Abstractly, we are given two long strings $s_1$ and $s_2$ of characters, and we want to find short substrings (parts of the features) common to $s_1$ and $s_2$. In general, the common substrings might not be exactly the same because even functional sequences mutate over time. However, we often find that $s_1$ and $s_2$ still exhibit perfectly matching substrings of at least 10 to 15 characters in the neighborhood of their shared features. By detecting these exact substring matches, we can find the most likely locations of the shared features in $s_1$ and $s_2$ and can then apply more sensitive but more expensive similarity search algorithms only at those locations.

Naively, we could find $k$-mers (i.e. substrings of length $k$) common to $s_1$ and $s_2$ by comparing every $k$-mer from one sequence to every $k$-mer from the other. Such an approach would take time $\Theta(|s_1| \cdot |s_2|)$, which is unacceptable because interesting DNA sequences range from thousands to billions of characters in length (your own genome is about 3.2 billion characters long). Fortunately, there is a much better approach.

Call $s_1$ the corpus string and $s_2$ the pattern string, and assume we are searching for common substrings of length $k$. We first construct a table $T$ of every $k$-mer in the pattern string, remembering where in the pattern it occurs. Then, for each $k$-mer in the corpus string, we check whether it occurs in the table $T$; if so, we have found a match between pattern and corpus. If $T$ supports constant-time insertions and lookups (e.g., if it is a hash table), we can process the entire pattern and corpus in time \[ \Theta(|s_1| + |s_2| + M), \] where $M$ is the number of common substrings actually found. In general, this time cost is much lower than the cost of the naive algorithm. Fast substring matching based on hashing therefore forms the core of many of today's high-speed biosequence matching algorithms.

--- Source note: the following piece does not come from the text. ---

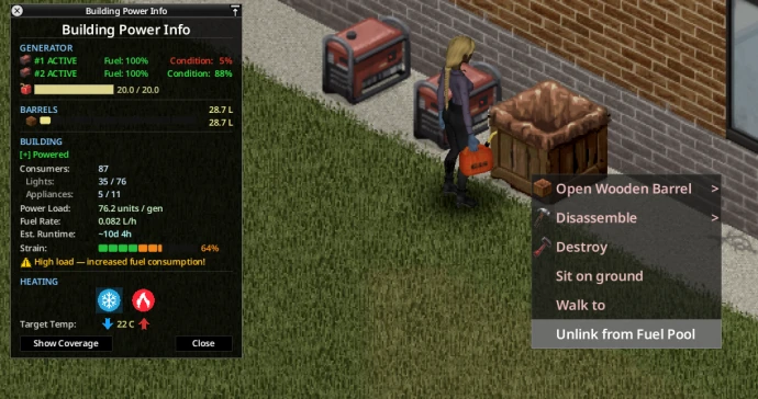 - Окно Building Power Info с данными о топливе пула, состоянии, нагрузке, потреблении энергии, активных потребителях, связанных бочках и данных отопления.

To make the results of our search more useful, we can also specify a mask string that contains "uninteresting" DNA that should not be reported. For example, if we're looking for matching genes, we might not be interested in any common substrings that are part of known repeats. Any $k$-mer appearing in the mask string is removed from the table before searching for matches in the corpus.

The Similarity Search Code and Data

If you want to read the similarity search driver code, you can look at Main.java. The driver reads corpus, pattern, and (optionally) mask strings from files and accepts the match length $k$ as an argument. It builts a StringTable from the pattern, removes the $k$-mes in the mask, and then reports every $k$-mer in the corpus that matches the pattern minus the mask.

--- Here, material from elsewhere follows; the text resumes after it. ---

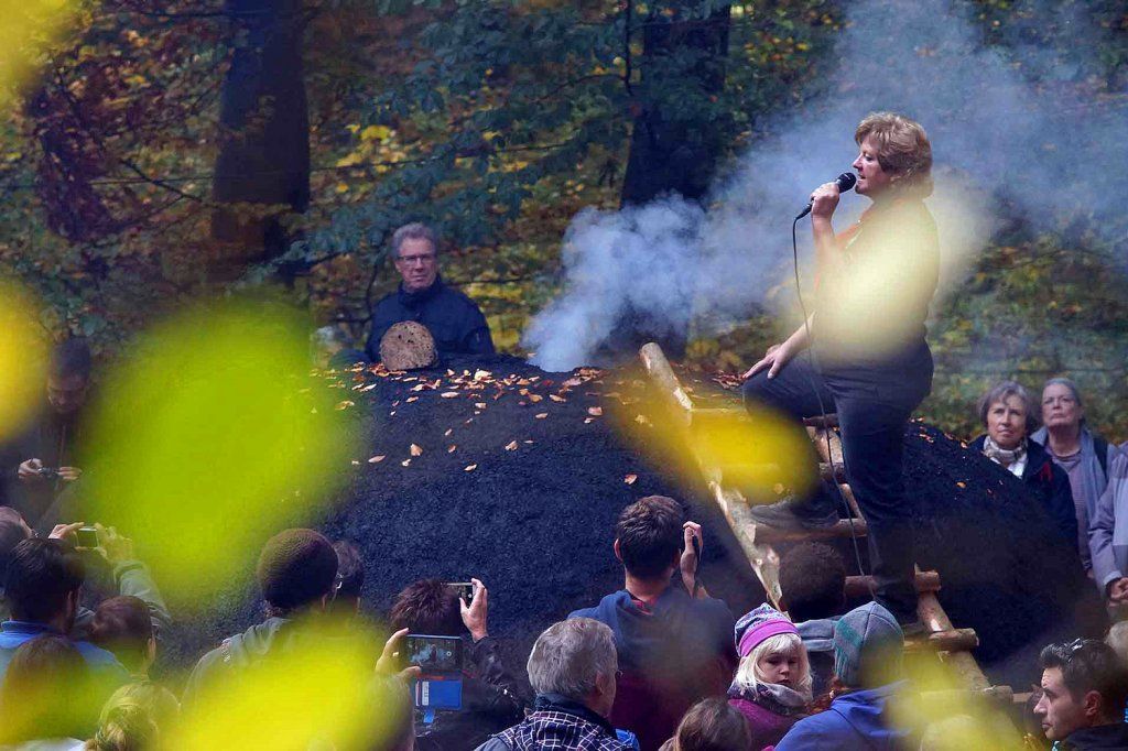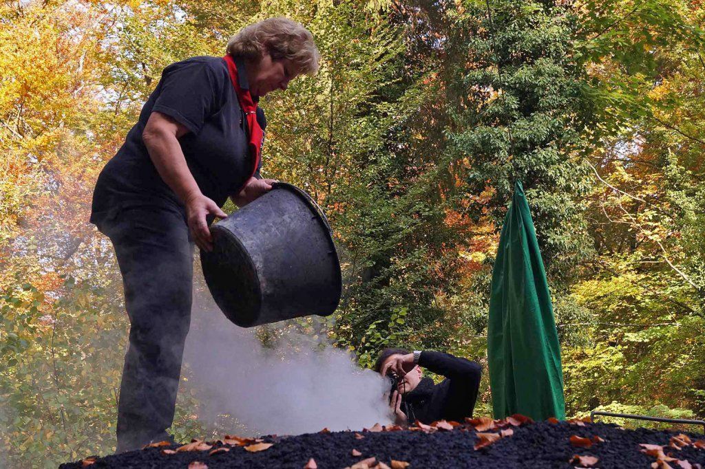 Der schwarze Mantel über dem Kohlenmeiler ist Löschi"

We specify a table size proportional to, but much less than, the full length of the pattern sequence. This ensures that our load factor is a constant. The table size is set to a power of 2, though your implementation might not exploit this property.

The data used in most of the test cases comes from real pairs of DNA sequences with interesting similarity between them. If you want to read about where these sequences come from, check out the README.txt file in the hash/test-cases subdirectory of your repo.